■ WHAT YOU NEED TO DO ■
In the listing that follows, print every line exactly and leave the images out.
====== DATA EXTRACT
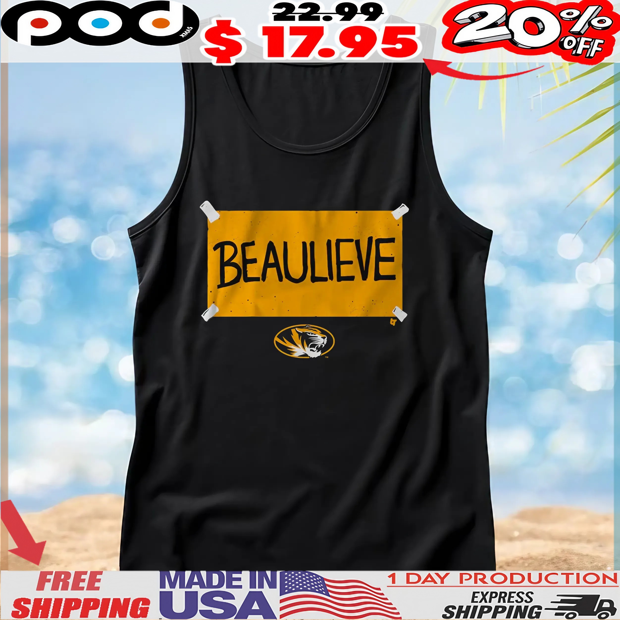 Choosing the Missouri Football Beau Pribula Believe Beaulive T Shirt from podxmas.com means opting for quality and variety. Our version stands out due to its superior fabric that ensures longevity and comfort. Plus, the ability to customize your shirt with personal text or images makes it an exceptional choice for fans looking to express their individuality. Additionally, podxmas.com offers a range of styles beyond just t-shirts, including hoodies, sweatshirts, and tank tops, catering to all ages and preferences. The ordering process is streamlined, making it easy and hassle-free to get exactly what you want. Whether for yourself or as a gift, this shirt is a versatile and stylish option that any Missouri football fan would love to wear.
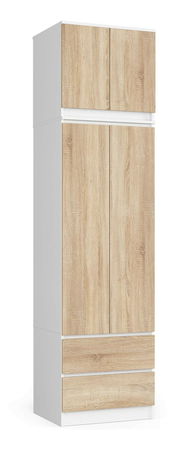 Šatní skříň Slots (bílá + dub sonoma) (s nástavbou)
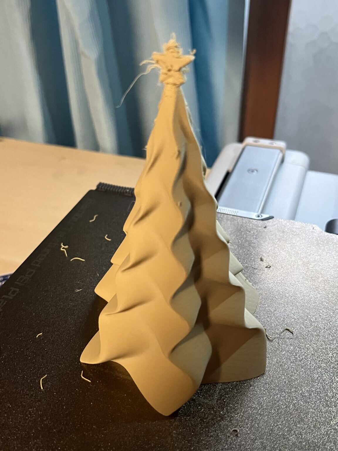 もしかすると僕の機械の個体の問題かも知れませんが、ミニスノーマンの頭とか、このツリーのような「小さな突起」のプリントでは「草が生えます」笑
============
■ ANSWER TO THIS EXERCISE ■
 Choosing the Missouri Football Beau Pribula Believe Beaulive T Shirt from podxmas.com means opting for quality and variety. Our version stands out due to its superior fabric that ensures longevity and comfort. Plus, the ability to customize your shirt with personal text or images makes it an exceptional choice for fans looking to express their individuality. Additionally, podxmas.com offers a range of styles beyond just t-shirts, including hoodies, sweatshirts, and tank tops, catering to all ages and preferences. The ordering process is streamlined, making it easy and hassle-free to get exactly what you want. Whether for yourself or as a gift, this shirt is a versatile and stylish option that any Missouri football fan would love to wear.
 Šatní skříň Slots (bílá + dub sonoma) (s nástavbou)
 もしかすると僕の機械の個体の問題かも知れませんが、ミニスノーマンの頭とか、このツリーのような「小さな突起」のプリントでは「草が生えます」笑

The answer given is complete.